第48章 hesitation
「なんっだよ!お前それでも男かよ」
「今夜だけは1人にしないでくれ頼むから」
「……最強が泣くぜ。ったく…」
クマが心底呆れたように五条を押しはがそうとした。
が、五条はクマを抱き締めたまま離さない。
「はなっ離せバカヤロウ!」
「やだぁ行かないでぇえ!うわ〜ん!」
「………。きも。

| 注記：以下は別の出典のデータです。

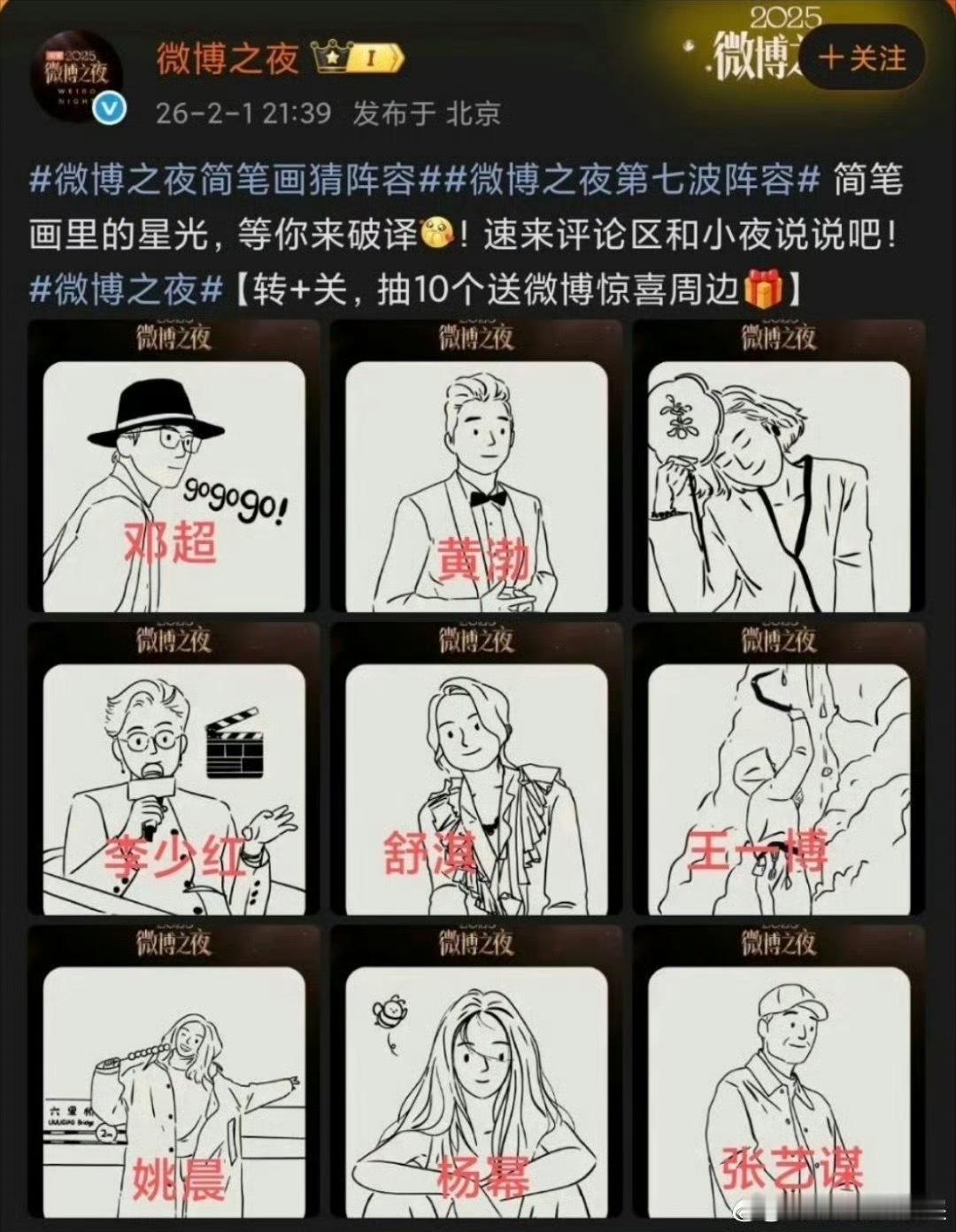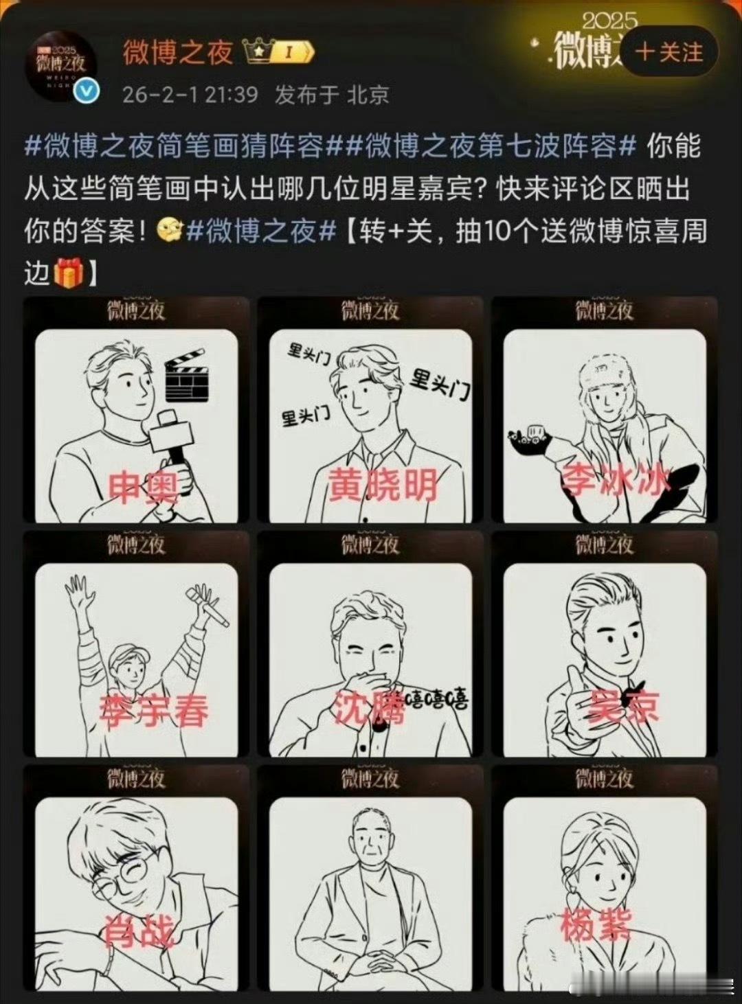 微博之夜第七波简笔画解码第一批:邓超,黄渤,惠英红,李少红,舒淇,王一博,姚晨,杨幂,张艺谋;第二批:申奥,黄晓明,李冰冰,李宇春,沈腾,吴京,肖战,袁和平,杨紫。微博之夜第七波官宣

」
「ヤダヤダホントにお願い!1人にしないで!!」
「とりあえず離せ!
ほらコレでも舐めて一旦落ち着け!」
「うぅ…ぐすっ…」
五条はクマから渡された棒付きキャンディーを半べそかきながらぺろぺろと舐めだした。
客観的に見ると完全に幼い子供だ。
「はっ、ガキが。」
「僕のくだらないプライドのせいだよな…」
ついカッとなってペンダント潰しちゃったりして…
あー…などと独り言をブツブツ言っていると、
クマの冷淡な言葉が膝の上から聞こえた。
「なら素直に謝れ。自己保身を考えて謝れないのは、本物のプライドではなく、偽のプライドなんだぞ。謝ったら負け、謝るのは恥ずかしい、みてぇな卑屈な考え方は誇りではなく保身だ…」
「えっ、保身?!それ僕の1番嫌いな言葉!!」
「謝るのはガキでもできることだ。もし謝れないならガキ以下ということになるなお前は。
いや、そもそもガキだから幼児以下、赤ん坊だな。」
「え。ボク赤ちゃん?」
「とにかく!
自己保身ばかり考えて、大事な一言を言えないのは、恥ずかしいことだ。あ〜あ、見てらんねぇな〜」
五条はしばらく目を見開いて沈黙していたが、
「よしっ!とりあえず電話する!」
と言って涙を拭き、
思い切ってレイに電話をかけはじめた。
長い呼び出し音の後、応答があった。